We begin by loading the both the training and the testing data.

In [None]:
# Read training data
start = clock()

train_frame = pd.read_csv('data/train.csv')
label = train_frame['label'].values
train = train_frame.iloc[:,1:].values

print('Loaded {:d} train entries in {:.0f} seconds.'.format(len(train), clock() - start))

# Train on fewer entries
# label = label[0::10]
# train = train[0::10]

# Read test data 
start = clock()

test_frame = pd.read_csv('data/test.csv')
test = test_frame.values

print('Loaded {:d} test entries in {:.0f} seconds.'.format(len(test), clock() - start))

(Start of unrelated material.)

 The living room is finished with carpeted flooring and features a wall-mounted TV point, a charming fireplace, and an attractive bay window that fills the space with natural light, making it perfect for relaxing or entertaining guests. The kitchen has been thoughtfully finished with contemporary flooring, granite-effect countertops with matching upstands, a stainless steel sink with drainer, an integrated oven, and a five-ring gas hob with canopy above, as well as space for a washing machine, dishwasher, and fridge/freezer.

To make sure that we load the data correctly, we can take a random digit in the training set to visualize.

In [None]:
# Select a random entry

from random import randint  

i = randint(0,len(train)-1)
print("Displayed train entry {:d} labelled {:d}.".format(i, label[i]))

# Plot using matplotlib

import matplotlib.pyplot as plt
import matplotlib.cm as cm
%matplotlib inline  
    
train_square = train.reshape(-1,28,28)
plt.imshow(train_square[i], cmap=cm.binary)
plt.axis('off')
plt.show()

# Select Classifier

A first demonstration can be quickly done with a random forest.

In [None]:
from sklearn.ensemble import RandomForestClassifier
clf = RandomForestClassifier(n_estimators = 100)

In [None]:
from sklearn.ensemble import ExtraTreesClassifier
clf = ExtraTreesClassifier(n_estimators = 100)

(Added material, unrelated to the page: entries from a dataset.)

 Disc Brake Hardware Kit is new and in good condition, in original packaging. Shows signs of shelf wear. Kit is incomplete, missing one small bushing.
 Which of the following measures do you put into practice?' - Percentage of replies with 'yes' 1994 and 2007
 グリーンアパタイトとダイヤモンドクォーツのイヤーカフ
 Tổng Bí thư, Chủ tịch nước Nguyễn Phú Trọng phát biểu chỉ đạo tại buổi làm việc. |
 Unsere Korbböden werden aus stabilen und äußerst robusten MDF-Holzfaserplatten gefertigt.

Another choice is to first preprocess the data with PCA, say, and then pipeline this with SVC.

In [None]:
from sklearn.pipeline import make_pipeline
from sklearn.decomposition import PCA
from sklearn.svm import SVC

pca = PCA(n_components = 35, whiten = True)
clf = make_pipeline(pca, SVC())

## Validate, Train, Extrapolate
We can use cross-validation to get an idea of how well the classifier generalizes.

In [None]:
from sklearn.cross_validation import cross_val_score
start = clock()

scores = cross_val_score(clf, train, label)

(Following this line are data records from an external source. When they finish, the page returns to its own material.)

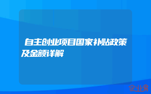 - 自主创业项目国家补贴政策及金额详解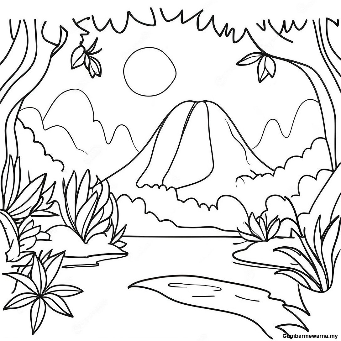 Muat turun PDF Boleh Cetak Halaman Mewarna Bioma Hutan Hujan Tropika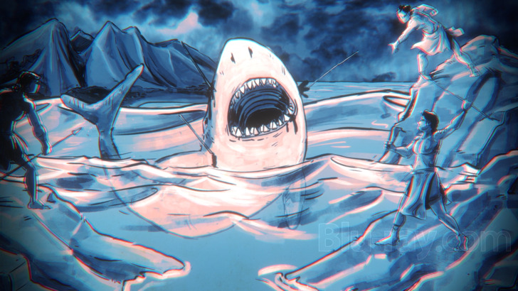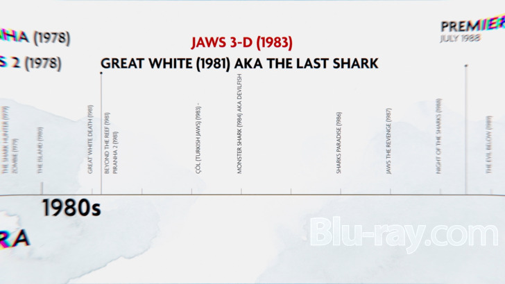 The 5.1 DTS-HD MA mix offers a simple listening event for "Sharksploitation," leading with interview footage, which maintains crisp voices throughout. Scoring selections support with decent instrumentation, and musical moods occasionally reach into the surrounds in a basic way. Low-end isn't challenged, but electro beats offer a little weight.
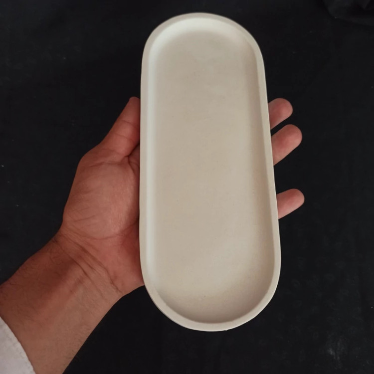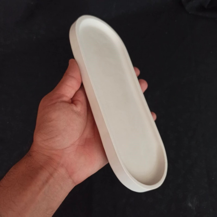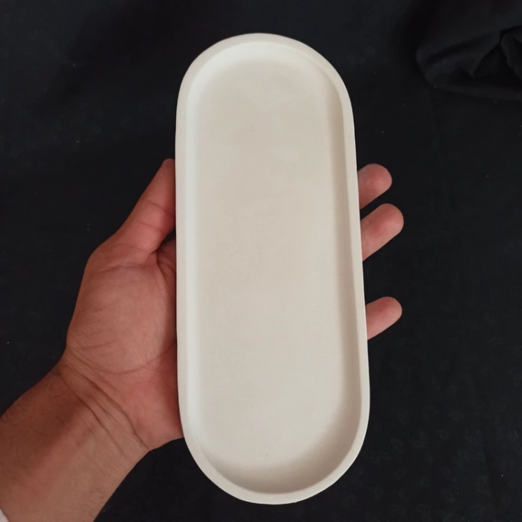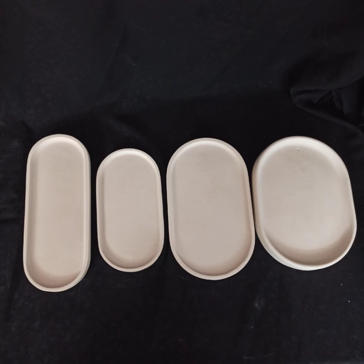 بیس خام سینی بیضی جنس سنگ مصنوعی اندازه 22.7 در 9 سانت ، سینی دکوراتیو ، سینی اکسسوری ، زیرگلدانی سنگی ، سینی بیضی بتنی
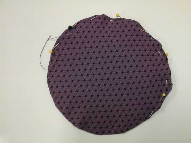 Redondo de cortar 2 círculos de la tela, 7". Pin uno a cada lado de la puntada de lona y mano plástico alrededor, giro en los bordes crudos.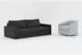 Introducing the Araceli II Charcoal Grey Vegan Faux Leather 95" Sofa and Carlisle Fabric Swivel Barrel Arm Chair with Espresso Finish. These modern pieces are perfect for enhancing your living room with style and comfort. The sofa features a sleek charcoal grey faux leather upholstery, while the chair offers a cozy fabric seat with a convenient swivel design.

print("Performed {:d}-fold cross validation in {:.0f} seconds with accuracy {:0.4f} +/- {:0.4f}.".format(
    len(scores), clock() - start, scores.mean(), scores.std()))

Result
- Random Forest with 1000 estimator performed 3-fold cross validation in 655 seconds with accuracy 0.9645 +/- 0.0022. 
- ExtraTrees performed 3-fold cross validation in 49 seconds with accuracy 0.9656 +/- 0.0006.
- PCA+SVM performed 3-fold cross validation in 132 seconds with accuracy 0.9777 +/- 0.0013.

We are now ready to fit the classifier to the training data, predict/extrapolate to the test data, and save the results.

In [None]:
# Fit training data

start = clock()
clf.fit(train, label)
print("Fitted training data in {:.0f} seconds.".format(clock() - start))

# Extrapolate to test data

start = clock()
predict = clf.predict(test)
print("Extrapolated to test data in {:.0f} seconds.".format(clock() - start))

# Save results

test_frame['ImageId'] = range(1,len(test)+1)
test_frame['Label'] = predict
test_frame.to_csv('predict.csv', cols = ('ImageId', 'Label'), index = None)

If we used PCA+SVC, PCA can tell us how much of the variance is explained.

In [None]:
variance = sum(clf.named_steps['PCA'].pca.explained_variance_ratio_)
print("PCA uses {:d} components explaining {:.0%} of the variance.".format(n_comp, variance))

## Improvements
We can attempt to select SVC's parameters by optimizing with grid search.

In [None]:
# Transform data
from sklearn.decomposition import PCA

n_comp = 35
pca = PCA(n_components = n_comp, whiten = True)

start = clock()
pca.fit(train)
train_transformed = pca.transform(train)

print("Transformed data in {:.0f} seconds using {:d} components explaining {:.0%} of the variance.".format(
        clock() - start, n_comp, sum(pca.explained_variance_ratio_)))

# Select classifier
from sklearn.svm import SVC

algo = 'rbf'
tol = 0.01
clf = SVC(kernel = algo, tol = tol, shrinking = True)

# Search on fewer entries
label_few = label[0::10]
train_few = train_transformed[0::10]

# Parameter space to search for SVC
from numpy import logspace
params = [{'C': logspace(-1, 3), 'gamma': logspace(-4, -1)}]
    
# Run exhaustive grid search
from sklearn.grid_search import GridSearchCV
start = clock()

gs = GridSearchCV(estimator = clf, param_grid = params, n_jobs = 2)
gs.fit(train_few, label_few)

print("Parameter optimi zed {} yielding {:.4f} in {:.0f} seconds.".format(
        gs.best_params_, gs.best_score_, clock() - start))

Here are some choices of parameters for SVC that seem to work reasonably well.
- C = 4.2919342601287758 and gamma = 0.028117686979742307 gives 0.8857 in 6 seconds.
- C = 1.3894954943731375 and gamma = 0.042919342601287783 gives 0.9502 in 27 seconds.

Scikit-learn also has neural networks available.

In [None]:
# MLPClassifier requires 0.18dev+ and is not available in 0.17
from sklearn.neural_network import MLPClassifier
clf = MLPClassifier(algorithm = 'l-bfgs', alpha = 1e-5, hidden_layer_sizes = (5, 2), random_state = 1)